WHAT NEEDS TO BE DONE ->
The answer must repeat every record exactly, with no pictures in it.

GIVEN RECORDS ->
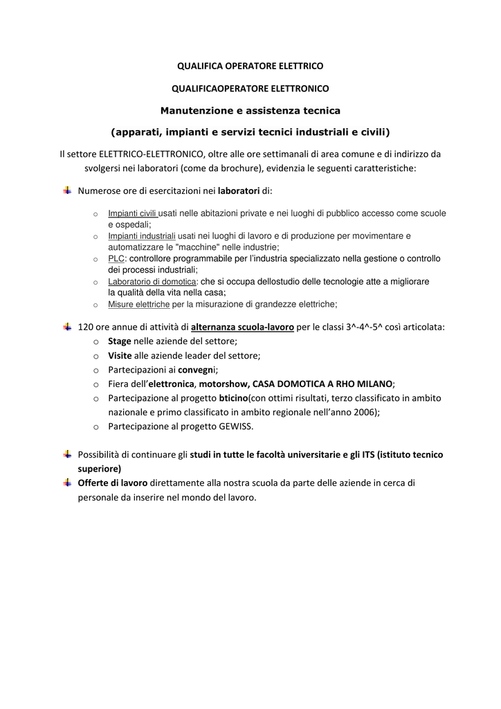 QUALIFICA OPERATORE ELETTRICO QUALIFICAOPERATORE ELETTRONICO Manutenzione e assistenza tecnica (apparati, impianti e servizi tecnici industriali e civili) Il settore ELETTRICO-ELETTRONICO, oltre alle ore settimanali di area comune e di indirizzo da svolgersi nei laboratori (come da brochure), evidenzia le seguenti caratteristiche: Numerose ore di esercitazioni nei laboratori di: o Impianti civili usati nelle abitazioni private e nei luoghi di pubblico accesso come scuole e ospedali; o o o o Impianti industriali usati nei luoghi di lavoro e di produzione per movimentare e automatizzare le "macchine" nelle industrie; PLC: controllore programmabile per l’industria specializzato nella gestione o controllo dei processi industriali; Laboratorio di domotica: che si occupa dellostudio delle tecnologie atte a migliorare la qualità della vita nella casa; Misure elettriche per la misurazione di grandezze elettriche; 120 ore annue di attività di alternanza scuola-lavoro per le classi 3^-4^-5^ così articolata: o Stage nelle aziende del settore; o Visite alle aziende leader del settore; o Partecipazioni ai convegni; o Fiera dell’elettronica, motorshow, CASA DOMOTICA A RHO MILANO; o Partecipazione al progetto bticino(con ottimi risultati, terzo classificato in ambito nazionale e primo classificato in ambito regionale nell’anno 2006); o Partecipazione al progetto GEWISS. Possibilità di continuare gli studi in tutte le facoltà universitarie e gli ITS (istituto tecnico superiore) Offerte di lavoro direttamente alla nostra scuola da parte delle aziende in cerca di personale da inserire nel mondo del lavoro.
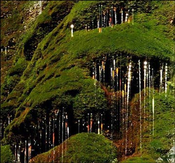 “湖北南漳县有一个最为奇特的瀑布,国内罕见,堪称世界奇观。”湖北地质遗迹调查评价中心的调查报告中这样称呼南漳香水河“ 七彩瀑”。这个40米高,坡度达70多度的瀑布,面向东南方,晴天上午九点到十一点钟,太阳射在瀑布水珠上,如果我们站在瀑布下一个合适的位置,就能看到瀑布上许多闪烁的彩色光珠,像一串串彩色星星灯,随风飘扬。红灯灭了,绿灯亮了;绿灯灭了,又换成黄灯,不断变化。水量越大,彩珠越明显。瀑布下常常能看到七色彩虹,但像这样的七彩光珠倒是闻所未闻。
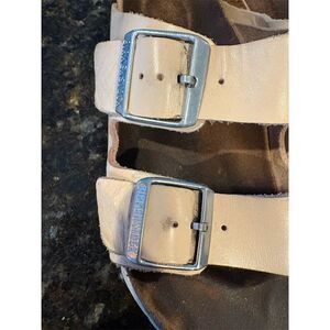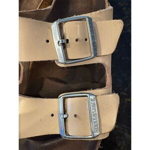 The Birkenstock Arizona slip-on sandals in ivory are crafted from smooth leather, featuring adjustable buckles and the brand's signature footbed for comfort. Designed for women, these sandals are a size 6 US (EU 37) and have a flat heel under 1 inch. The leather insole and lining, along with a rubber outsole, ensure durability. Suitable for casual occasions, these sandals can be worn in all seasons. Made in Germany, they are pre-owned and well-loved, with no major flaws, though the size marking has worn off. Keywords: Birkenstock, Arizona, slip-on, sandals, leather, ivory, casual, adjustable buckles, signature footbed, women's footwear.
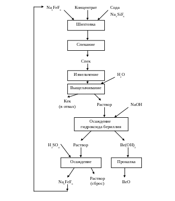 В результате взаимодействия берилла при температурах 750 - 800 °С с комплексными фторидами образуется растворимый в воде фторобериллат натрия Na2BeF4. Соединения других элементов, содержащиеся в продукте спекания, малорастворимы в воде.
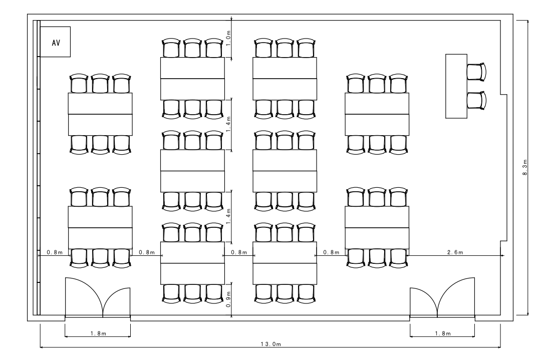 座席数や机の配置を工夫することで、参加者同士のコミュニケーションや集中力を高めることも可能です。
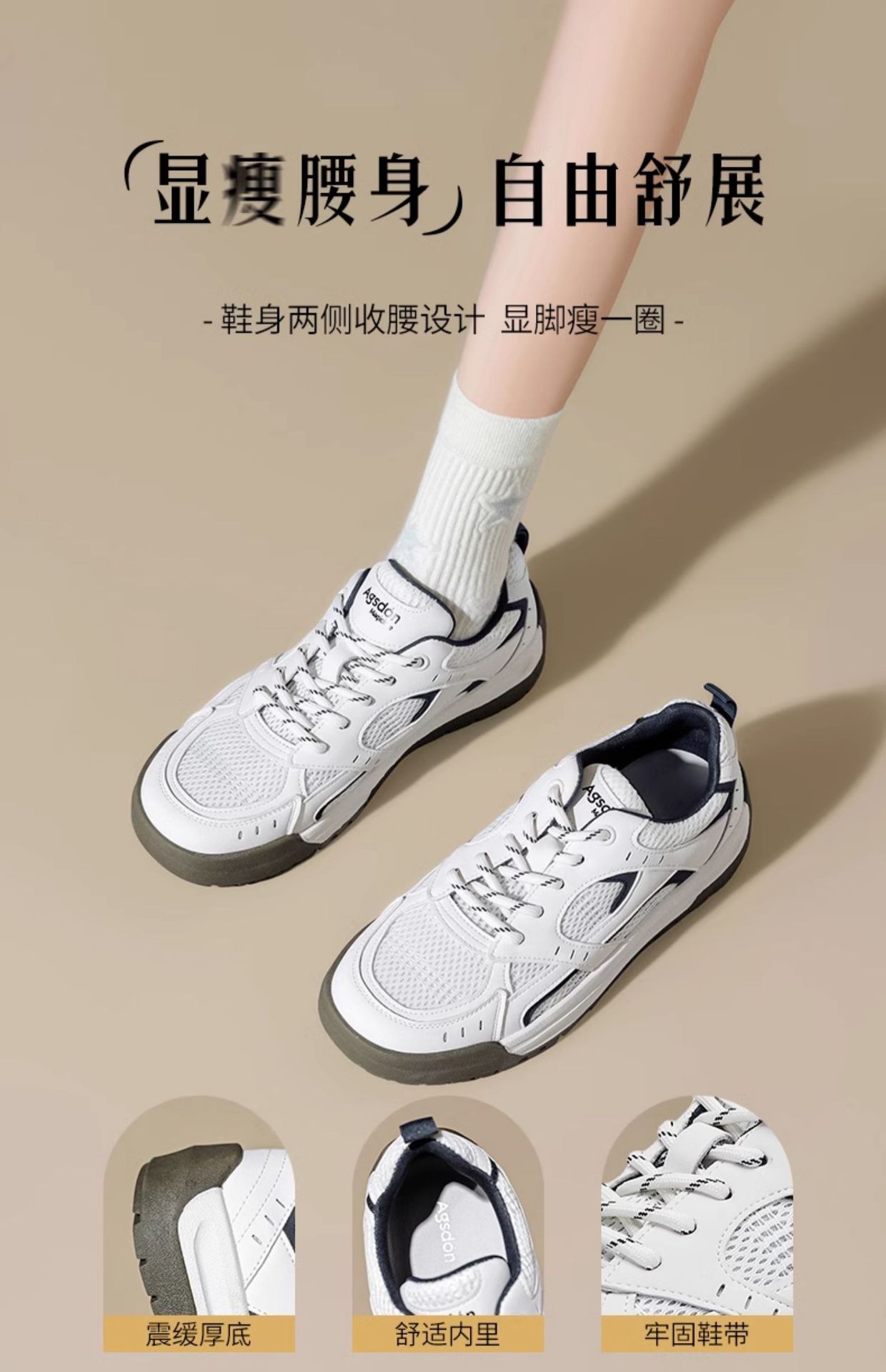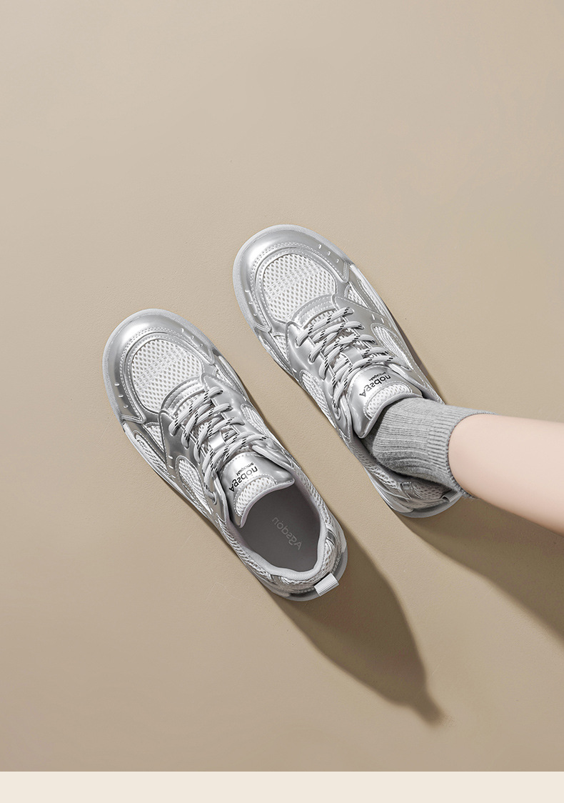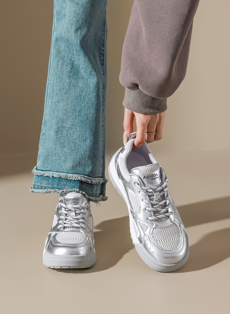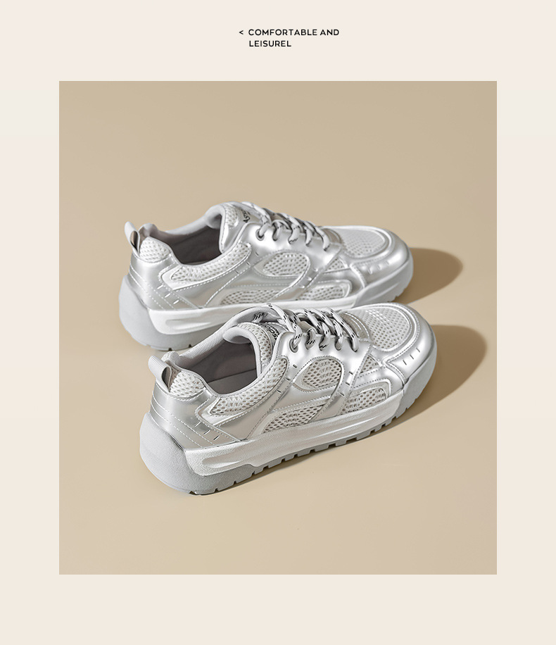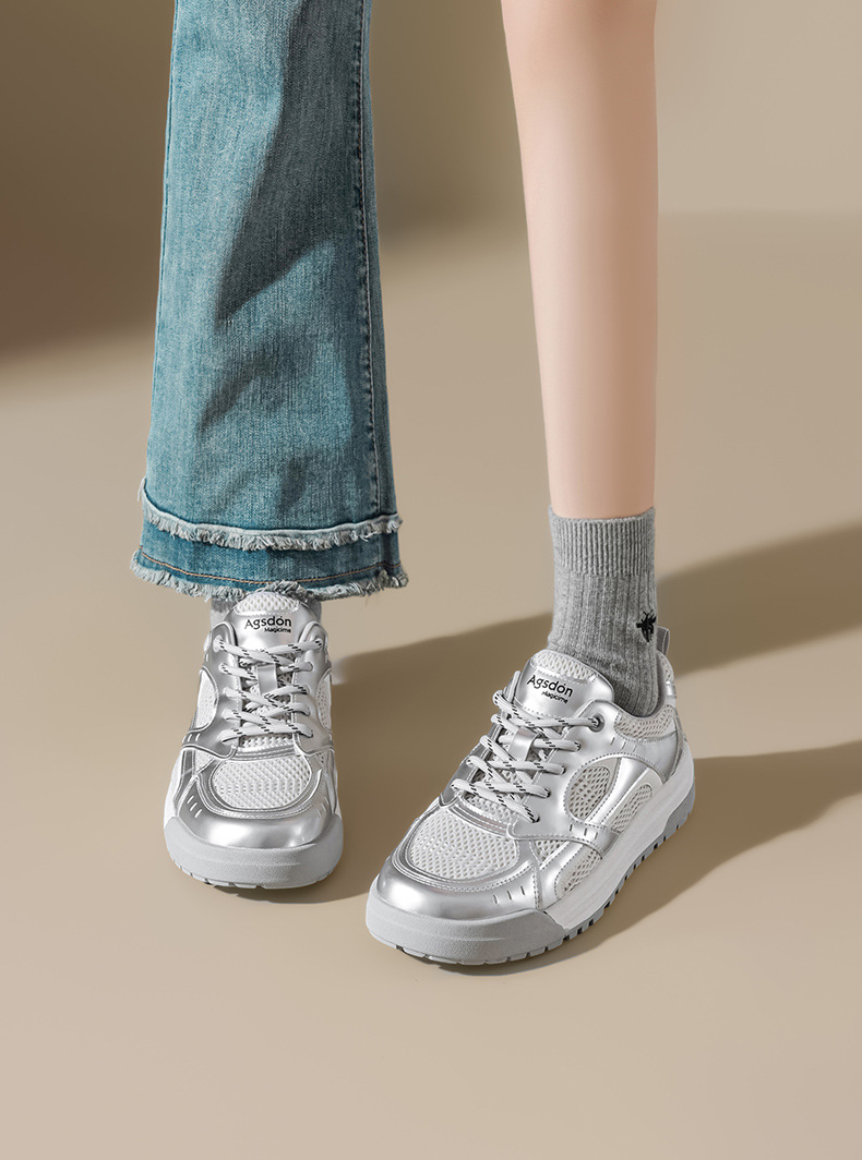 Augustion zapatos blancos de suela gruesa mujer 2025 nueva malla de verano casual zapatillas ligeras zapatillas deportivas básicas

YOUR SOLUTION ->
 QUALIFICA OPERATORE ELETTRICO QUALIFICAOPERATORE ELETTRONICO Manutenzione e assistenza tecnica (apparati, impianti e servizi tecnici industriali e civili) Il settore ELETTRICO-ELETTRONICO, oltre alle ore settimanali di area comune e di indirizzo da svolgersi nei laboratori (come da brochure), evidenzia le seguenti caratteristiche: Numerose ore di esercitazioni nei laboratori di: o Impianti civili usati nelle abitazioni private e nei luoghi di pubblico accesso come scuole e ospedali; o o o o Impianti industriali usati nei luoghi di lavoro e di produzione per movimentare e automatizzare le "macchine" nelle industrie; PLC: controllore programmabile per l’industria specializzato nella gestione o controllo dei processi industriali; Laboratorio di domotica: che si occupa dellostudio delle tecnologie atte a migliorare la qualità della vita nella casa; Misure elettriche per la misurazione di grandezze elettriche; 120 ore annue di attività di alternanza scuola-lavoro per le classi 3^-4^-5^ così articolata: o Stage nelle aziende del settore; o Visite alle aziende leader del settore; o Partecipazioni ai convegni; o Fiera dell’elettronica, motorshow, CASA DOMOTICA A RHO MILANO; o Partecipazione al progetto bticino(con ottimi risultati, terzo classificato in ambito nazionale e primo classificato in ambito regionale nell’anno 2006); o Partecipazione al progetto GEWISS. Possibilità di continuare gli studi in tutte le facoltà universitarie e gli ITS (istituto tecnico superiore) Offerte di lavoro direttamente alla nostra scuola da parte delle aziende in cerca di personale da inserire nel mondo del lavoro.
 “湖北南漳县有一个最为奇特的瀑布,国内罕见,堪称世界奇观。”湖北地质遗迹调查评价中心的调查报告中这样称呼南漳香水河“ 七彩瀑”。这个40米高,坡度达70多度的瀑布,面向东南方,晴天上午九点到十一点钟,太阳射在瀑布水珠上,如果我们站在瀑布下一个合适的位置,就能看到瀑布上许多闪烁的彩色光珠,像一串串彩色星星灯,随风飘扬。红灯灭了,绿灯亮了;绿灯灭了,又换成黄灯,不断变化。水量越大,彩珠越明显。瀑布下常常能看到七色彩虹,但像这样的七彩光珠倒是闻所未闻。
 The Birkenstock Arizona slip-on sandals in ivory are crafted from smooth leather, featuring adjustable buckles and the brand's signature footbed for comfort. Designed for women, these sandals are a size 6 US (EU 37) and have a flat heel under 1 inch. The leather insole and lining, along with a rubber outsole, ensure durability. Suitable for casual occasions, these sandals can be worn in all seasons. Made in Germany, they are pre-owned and well-loved, with no major flaws, though the size marking has worn off. Keywords: Birkenstock, Arizona, slip-on, sandals, leather, ivory, casual, adjustable buckles, signature footbed, women's footwear.
 В результате взаимодействия берилла при температурах 750 - 800 °С с комплексными фторидами образуется растворимый в воде фторобериллат натрия Na2BeF4. Соединения других элементов, содержащиеся в продукте спекания, малорастворимы в воде.
 座席数や机の配置を工夫することで、参加者同士のコミュニケーションや集中力を高めることも可能です。
 Augustion zapatos blancos de suela gruesa mujer 2025 nueva malla de verano casual zapatillas ligeras zapatillas deportivas básicas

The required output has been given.